Roma, 30 maggio - “Questa non è una privatizzazione, questa è una svendita. Un’operazione che non provoca alcun vantaggio per i cittadini, per i lavoratori e per i conti dello Stato. Il Governo si rivolge ai soli azionisti, che, se non fossero ben remunerati, potrebbero fare altre scelte e cambiare la destinazione dei propri investimenti”. Così il segretario confederale della Cgil Pino Gesmundo e il segretario nazionale Filctem Cgil Antonio Pepe, nell’ambito della campagna ‘‘Privatizzazioni, un saldo nel vuoto”, commentano la cessione realizzata dal Governo del 2,8% di quote azionarie detenute dal Ministero dell’Economia, per un valore complessivo di 1,4 miliardi di euro.

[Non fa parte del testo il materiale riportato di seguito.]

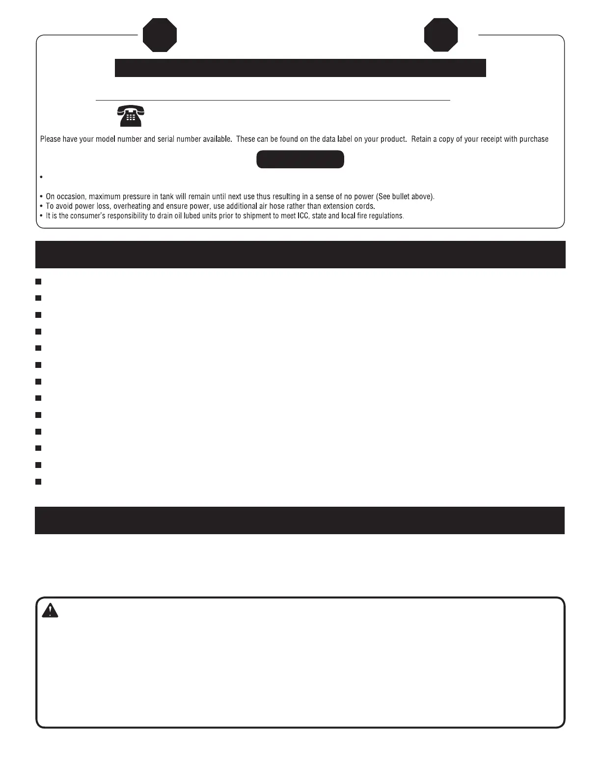 troubleshooting. To avoid unnecessary return to the store, simply call Compressor Support toll free for additional assistance.

Gesmundo spiega che “l’operazione non è conveniente dal punto di vista economico. La svendita produrrà un effetto negativo per i conti dello Stato, che vedrà ridursi le entrate in maniera maggiore della riduzione della spesa per gli interessi sul debito”. “Noi - sottolinea - venderemo il 4,7% di azioni di Eni, vendita che produrrà un incasso di circa 2 miliardi di euro che per legge dovranno essere utilizzati per la riduzione del debito pubblico, ma che comporterà un mancato incasso di 147 milioni di euro, denaro entrato nelle casse dello Stato nel 2023 per i dividendi di Eni. Peraltro – aggiunge – questo effetto negativo per le finanze dello Stato accomuna tutte le privatizzazioni che il Governo ha ipotizzato, a partire da quella di Poste”.

Inoltre, sostiene il segretario confederale, “questo progetto indebolirà ancora di più il ruolo di Eni sul processo di transizione ambientale, proprio nel momento in cui l’Italia dovrebbe concentrare tutti i propri sforzi per recuperare i ritardi accumulati e che rischiano di produrre pesanti danni per l’economia del Paese”.

“Ci auguriamo che la svendita si fermi qui”, dichiara il segretario nazionale Filctem Cgil Pepe. “Così si impoverisce un’importante azienda italiana che, nonostante la sua vocazione industriale, richiederebbe ora un’ambientalizzazione dei processi produttivi con le tecnologie oggi disponibili per investimenti finalizzati anche agli obiettivi indicati dall’Europa”. Vi è un ulteriore risvolto di questa operazione: “Eni è debole finanziariamente sulla chimica di base, che è un pilastro fondamentale per il sostegno del sistema manifatturiero e industriale. Qualora non ci fossero più gli adeguati interventi l’Italia rischierebbe di non essere più la seconda manifattura europea, mentre la filiera a valle scivolerebbe verso quei Paesi extra-Ue con i quali non possiamo competere sia per rispetto dell’ambiente sia per costo del lavoro”.

Infine, Cgil e Filctem sostengono che “vi sono rischi per i lavoratori, che non avranno più quella sicurezza del posto di lavoro che Eni ha fin qui garantito, e per i cittadini, perché è presumibile ipotizzare l’aumento dei costi energetici, in quanto la presenza di Eni funge anche da calmiere dei prezzi”.